The neighbors in my village have hinted they don’t think Carlitos is all there. He’s a loco perdido (lost crazy person), they say, and the school won’t accept him. He’s a quiet boy, lives inside his head and almost never speaks. Other kids don’t invite him to kick a ball around the street or play games. I see nothing wrong with my boy. I don’t care if his eyes don’t work together, maybe he sees and understands things other children with their perfect eyes can’t. Nonetheless, I don’t altogether trust his judgment. Whenever we go out I hold fast to his hand. I won’t let him skip ahead on his own.

We stepped off the bus and inhaled the sickening fumes as it rumbled away. All my senses are alert when we make this trip. I smell and hear danger all around me and become extra protective of Carlitos. I grasp his hand tightly and we walk toward my sister’s apartment.

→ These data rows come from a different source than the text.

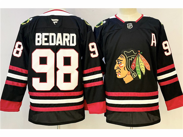 > Chicago Blackhawks #98 Connor Bedard Third Black Jersey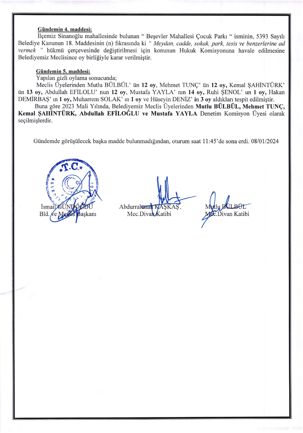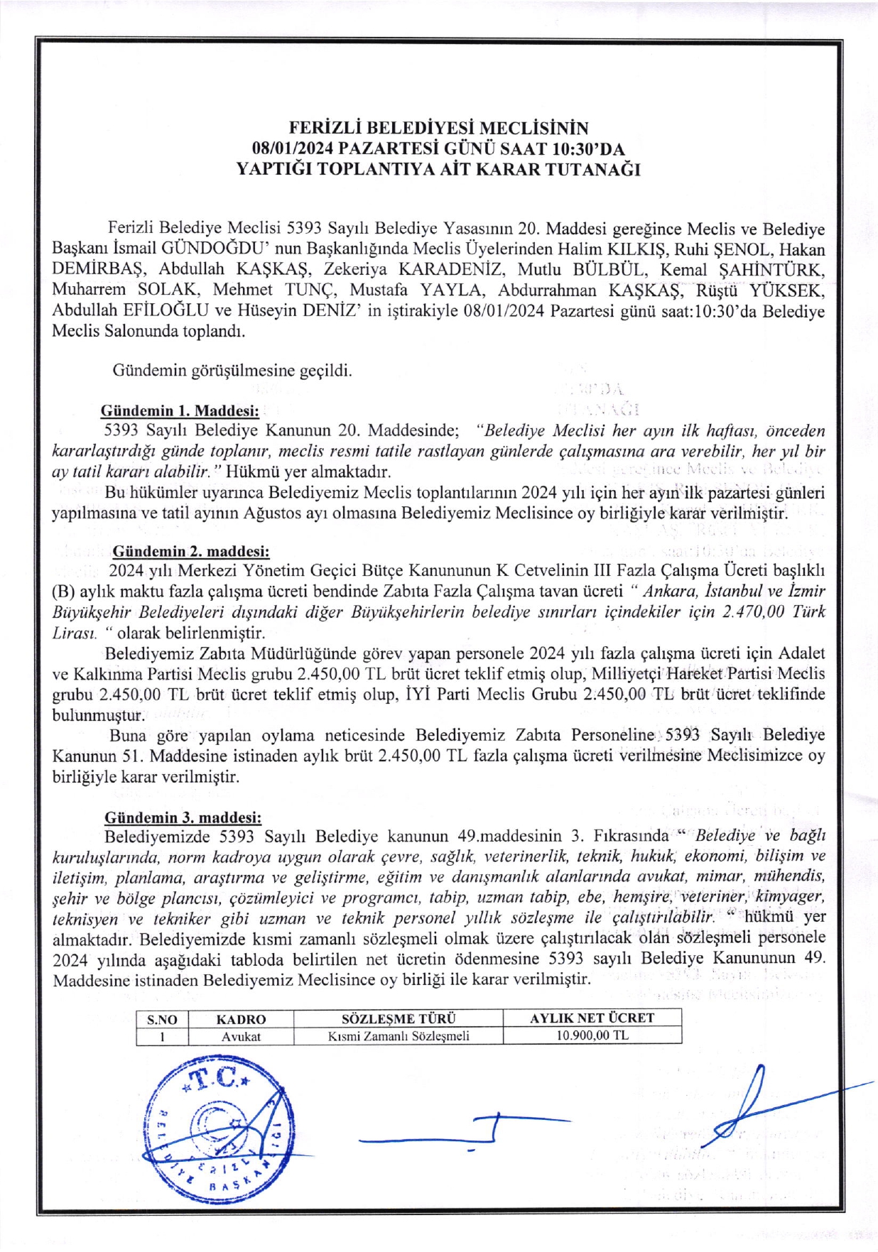 Ferizli Belediyesi Ocak Ayı Meclis Kararları (08.01.2024 Pazartesi)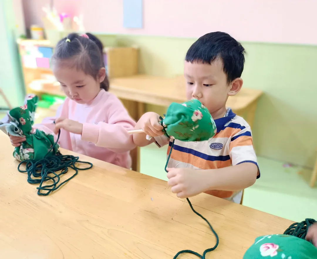 小(xiao)朋友們一起動手制作了艾(ai)草(cao)養生錘,裝上滿滿的(de)艾(ai)草(cao)用力壓(ya)一壓(ya),捏(nie)一捏(nie),把(ba)它(ta)包的(de)緊一點。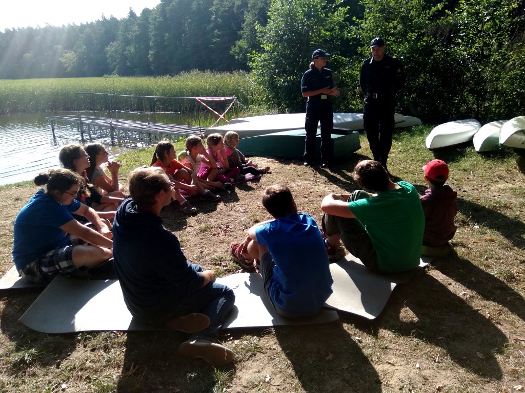 Tematem wiodącym spotkania było szeroko pojęte bezpieczeństwo podczas letniego wypoczynku: bezpieczne zachowania nad wodą w ramach akcji „Kręci mnie bezpieczeństwo nad wodą”, na drodze, w domu, na placu zabaw. Podczas wizyty funkcjonariusze omówili zasady bezpiecznego wypoczynku przypominając szczególnie o zasadach dotyczących kąpieli na otwartych akwenach wodnych oraz przestrzegali przed pływaniem w miejscach niedozwolonych. Obozowicze mieli okazję przypomnieć sobie reguły, których należy przestrzegać wypoczywając w lesie.

I call her on my cell just to let her know we’ll be knocking on her door in a few minutes. Her voice is reassuring. It’s only 5:30 but already it’s night here in December and there’s no light on the sidewalk. I have premonitions, but tell myself to relax, we’re almost there. I look over my shoulder every few minutes to see if anyone is following us. We are alone as we hurry over the uneven pavement in the dark.

It happened so quickly, I can’t explain what preceded it. A crazed man appeared from nowhere and snatched Carlitos out of my grip, bent him backward by the hair and held a knife to his throat. Carlitos didn’t cry or scream, just remained quiet like a big limp doll. Bolsa, the man indicated, gesturing with his head toward my purse.

I remembered the common wisdom of my pueblo. All Mexico knows it. Now was my time, the test.  I had to do it even though it went completely against my instincts as a mother to yell for help and try to defend my child. Never look a thief in the face. That is the wisdom of the street. The worst thing you can do is look a thief in the face. He’ll then do you more harm, maybe even kill you to stop you from identifying him. Don’t look at him, I repeated to myself again and again. I stared at my sneakers, their three colors, their worn places, their dirt. I prayed. I did not look up, did not look in his face. I saw him only one split second, Carlitos bent back, the knife...  I stared at my sneakers. First let go of my boy, I said as I started to slip the purse strap from my shoulder. He instantly dropped Carlitos to the ground, grabbed the purse and disappeared into the night.

Shaking, I knelt on the sidewalk and hugged Carlitos. What a brave young man you are, my son. I didn’t expect him to reply. We just hugged for a few moments. I remembered my cell phone still safe in my coat pocket and I called my sister, told her to notify the police and ask them to meet me at her address. The police came quickly and I reported the crime. Their first question to me was What did he look like, his clothes, his distinguishing features? 

I don’t know. I said. I looked only at my shoes.

It was then that my brilliant Carlitos found his voice. I know just what he looked like, Mamá. He wore a grey hoodie, had messy, long hair, red eyes, a scar on his cheek. Carlitos asked for paper and pencil and then drew a detailed portrait. I had never known he had that ability. No one had ever guessed he could draw like an adult.

We stayed in my sister’s apartment that night, too tired and shaken to take the bus home. Later we got a call from the police saying they had found the suspect with the help of Carlitos’s drawing. Next morning they called again to say they’d found my purse in the bushes near the crime scene . . . empty.

Carlitos and I were physically unharmed and went home more grateful than ever to have each other. For Three King’s Day I bought him crayons and paper. He’s now enrolled in the children’s art program at the church, and our little pueblo has begun to treat him with more respect. They now call him un genio loco—a crazy genius.